Вот и сейчас Алина сидела на полу, скрестив по-турецки ноги. Сандаловый гребень скользил по прядям. Волосок к волоску… и напряжение, скопившееся за день, отступало.

– Алло, – сказала Алина, несколько опасаясь скандала.

Клиент остался недоволен, причем всем: загсом, оператором, рестораном, музыкантами, тамадой, погодой и, конечно, Алининым бездействием и вящим нежеланием решать проблемы. А ведь деньги-то уплачены…

– Алина? – с некоторым замешательством произнес смутно знакомый голос.

– Алина, – согласилась Алина.

– Это Леха… который вчера… в туалете.

– Добрый вечер, Алексей, – Алина отложила расческу. – Я так и не сказала вам спасибо за помощь. Вы меня спасли.

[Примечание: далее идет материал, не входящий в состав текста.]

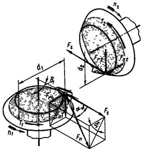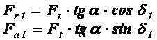Рис. 5.7. Силы в прямозубой конической передаче. |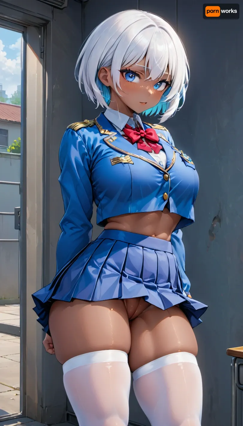 girl, schoolgirl, school, short white hair, huge tits, dark skin, athletic, white stockings, short skirt, blue uniform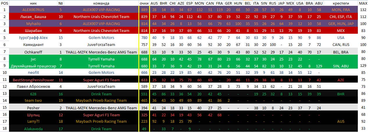 Для прошлогодних же призёров чемпеонат не сложился – кто-то допустил кучу ошибок в начале сезона, кому-то приходилось весь сезон мучацца с непослушным ведром, которое им построили их команды, но, тем не менее, Ачкарефф и Двухяйцевый працессар заняли места фдисятке и ниипёт.

– Рад был. У меня это… дело к вам… можно встретиться?

– Конечно, – подавив вздох, Алина сказала себе, что встреча эта – совсем не свидание, а просто встреча. Деловая. На свидания ее давно никто не приглашал. – Когда?

– Сейчас. Скажите, куда ехать, и я подъеду. Просто дело… ну очень срочное.

– Подъезжайте.

Алина назвала адрес и уточнила:

– Мне с полчаса надо…

Не угадала. Времени потребовалось больше, потому как мама сунула Алинин приличный костюм в стирку, а второй был хоть и чист, но измят. Третий же вовсе не годился для деловой встречи. Пришлось срочно искать джинсы, а к ним – свитер, чтобы обнаружить, что на свитере спала кошка. И возмущенная пробуждением, она долго фыркала на Алину. И свитер оказался весь в шерсти…

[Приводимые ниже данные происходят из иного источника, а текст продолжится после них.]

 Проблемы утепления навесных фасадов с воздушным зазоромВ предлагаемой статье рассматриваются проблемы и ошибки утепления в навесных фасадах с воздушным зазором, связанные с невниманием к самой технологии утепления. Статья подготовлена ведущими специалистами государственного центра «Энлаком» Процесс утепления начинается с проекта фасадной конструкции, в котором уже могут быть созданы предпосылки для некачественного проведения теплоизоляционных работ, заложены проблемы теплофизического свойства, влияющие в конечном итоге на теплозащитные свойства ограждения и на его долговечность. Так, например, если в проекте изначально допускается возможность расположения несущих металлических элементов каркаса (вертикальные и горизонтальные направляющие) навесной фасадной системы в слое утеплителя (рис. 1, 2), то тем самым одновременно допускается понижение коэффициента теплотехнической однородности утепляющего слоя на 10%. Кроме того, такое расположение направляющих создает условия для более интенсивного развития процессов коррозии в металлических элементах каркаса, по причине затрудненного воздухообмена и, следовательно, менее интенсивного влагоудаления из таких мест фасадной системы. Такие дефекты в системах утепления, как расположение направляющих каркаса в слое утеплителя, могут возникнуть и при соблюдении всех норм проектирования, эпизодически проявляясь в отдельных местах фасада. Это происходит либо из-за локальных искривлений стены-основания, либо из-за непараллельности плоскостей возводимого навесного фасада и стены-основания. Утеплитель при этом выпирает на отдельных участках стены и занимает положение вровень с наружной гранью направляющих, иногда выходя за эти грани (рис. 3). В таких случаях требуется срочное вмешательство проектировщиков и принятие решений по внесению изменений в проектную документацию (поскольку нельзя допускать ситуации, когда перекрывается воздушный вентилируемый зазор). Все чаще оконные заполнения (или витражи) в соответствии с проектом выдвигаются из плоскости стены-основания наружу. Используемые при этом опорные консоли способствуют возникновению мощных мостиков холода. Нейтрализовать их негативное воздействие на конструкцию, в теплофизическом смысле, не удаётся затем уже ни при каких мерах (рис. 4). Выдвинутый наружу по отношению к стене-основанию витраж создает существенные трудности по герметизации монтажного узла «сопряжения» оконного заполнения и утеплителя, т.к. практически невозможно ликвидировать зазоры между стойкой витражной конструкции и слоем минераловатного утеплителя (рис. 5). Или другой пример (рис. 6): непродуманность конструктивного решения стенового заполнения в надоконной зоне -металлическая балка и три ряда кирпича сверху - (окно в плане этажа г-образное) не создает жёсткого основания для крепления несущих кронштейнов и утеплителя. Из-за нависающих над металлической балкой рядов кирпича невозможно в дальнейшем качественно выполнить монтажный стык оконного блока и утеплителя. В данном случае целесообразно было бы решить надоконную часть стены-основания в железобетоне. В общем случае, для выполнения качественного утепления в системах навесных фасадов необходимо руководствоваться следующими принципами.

В общем, когда Леха опять позвонил, Алина обнаружила себя в прихожей, стоящей на одной ноге, в тщетной попытке одновременно натянуть сапожок и удержаться на весу.

– Я… сейчас… уже иду…

– Океюшки. Жду.

Леха отключился, а Алина осознала, что причесаться или хотя бы заплестись она не успеет. Придется, как выражалась мама, лахудрой идти.

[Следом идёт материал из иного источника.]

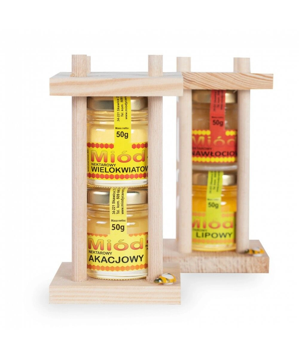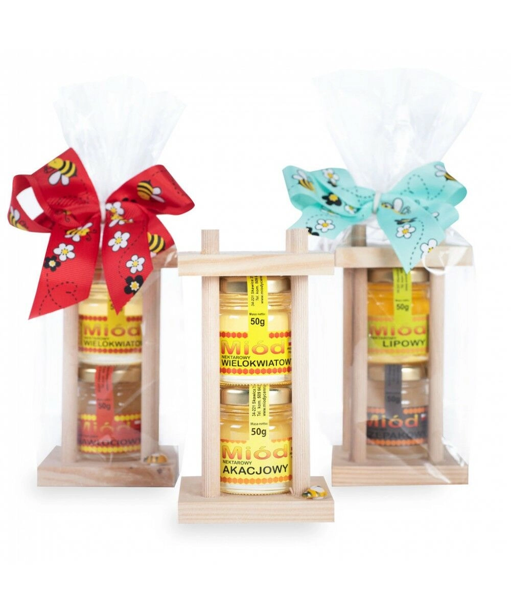 Zestaw składa się z 2 słoiczków (po 50g) różnych, naturalnych miodów.

Но в конце концов Леха сам виноват. Кто назначает деловые встречи в столь поздний час?

Алина натянула куртку и выскочила прежде, чем выглянувшая в коридор мама успела задать вопрос. По лестнице спускалась бодрым галопом, застегиваясь на ходу. Волосы лезли в молнию и в глаза, и вообще Алина ощущала себя обезумевшей кобылицей, которую точно на скаку не остановить. Разве что подножкой… Ее подставил порожек – вечно Алина о нем забывала, – и из подъезда она вылетела птичкой. Прямо Лехе в руки. Он лишь покачнулся, но устоял.

– Экая ты быстрая, – сказал Леха.

Алина покраснела. Был у нее подобный недостаток – краснеть по любому поводу, ну или вообще без повода. Дашка уверяла, что тонкая кожа – признак аристократизма, пожалуй, единственный Алине доставшийся, но при этом требовала держать себя в руках. Пока Алину в руках держал Леха.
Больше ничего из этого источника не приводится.